● What the task requires
The lines from the top of the records below through the one containing "The PCM/ECM supplies" are to be transcribed exactly, and nothing else is to be added.

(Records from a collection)
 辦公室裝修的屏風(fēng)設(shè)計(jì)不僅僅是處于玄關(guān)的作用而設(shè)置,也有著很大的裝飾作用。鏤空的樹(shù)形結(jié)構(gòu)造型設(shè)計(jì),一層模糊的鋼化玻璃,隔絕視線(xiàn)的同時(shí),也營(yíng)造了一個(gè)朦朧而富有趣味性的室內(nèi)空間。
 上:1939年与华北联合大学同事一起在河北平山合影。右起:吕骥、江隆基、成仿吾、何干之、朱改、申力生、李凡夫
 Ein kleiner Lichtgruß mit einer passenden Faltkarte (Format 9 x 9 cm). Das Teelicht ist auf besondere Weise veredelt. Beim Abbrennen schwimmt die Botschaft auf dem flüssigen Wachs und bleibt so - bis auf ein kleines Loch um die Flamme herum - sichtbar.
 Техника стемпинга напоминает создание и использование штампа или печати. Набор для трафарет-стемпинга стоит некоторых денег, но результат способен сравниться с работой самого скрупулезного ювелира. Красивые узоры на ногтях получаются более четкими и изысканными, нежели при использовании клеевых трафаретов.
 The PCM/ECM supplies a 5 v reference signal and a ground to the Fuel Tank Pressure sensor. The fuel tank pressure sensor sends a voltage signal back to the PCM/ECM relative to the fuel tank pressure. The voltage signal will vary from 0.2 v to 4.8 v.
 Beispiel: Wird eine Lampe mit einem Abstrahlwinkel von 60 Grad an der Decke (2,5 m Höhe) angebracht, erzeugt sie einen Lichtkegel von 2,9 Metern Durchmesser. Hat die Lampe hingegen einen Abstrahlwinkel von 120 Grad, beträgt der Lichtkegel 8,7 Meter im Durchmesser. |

● Solution for this problem
 辦公室裝修的屏風(fēng)設(shè)計(jì)不僅僅是處于玄關(guān)的作用而設(shè)置,也有著很大的裝飾作用。鏤空的樹(shù)形結(jié)構(gòu)造型設(shè)計(jì),一層模糊的鋼化玻璃,隔絕視線(xiàn)的同時(shí),也營(yíng)造了一個(gè)朦朧而富有趣味性的室內(nèi)空間。
 上:1939年与华北联合大学同事一起在河北平山合影。右起:吕骥、江隆基、成仿吾、何干之、朱改、申力生、李凡夫
 Ein kleiner Lichtgruß mit einer passenden Faltkarte (Format 9 x 9 cm). Das Teelicht ist auf besondere Weise veredelt. Beim Abbrennen schwimmt die Botschaft auf dem flüssigen Wachs und bleibt so - bis auf ein kleines Loch um die Flamme herum - sichtbar.
 Техника стемпинга напоминает создание и использование штампа или печати. Набор для трафарет-стемпинга стоит некоторых денег, но результат способен сравниться с работой самого скрупулезного ювелира. Красивые узоры на ногтях получаются более четкими и изысканными, нежели при использовании клеевых трафаретов.
 The PCM/ECM supplies a 5 v reference signal and a ground to the Fuel Tank Pressure sensor. The fuel tank pressure sensor sends a voltage signal back to the PCM/ECM relative to the fuel tank pressure. The voltage signal will vary from 0.2 v to 4.8 v.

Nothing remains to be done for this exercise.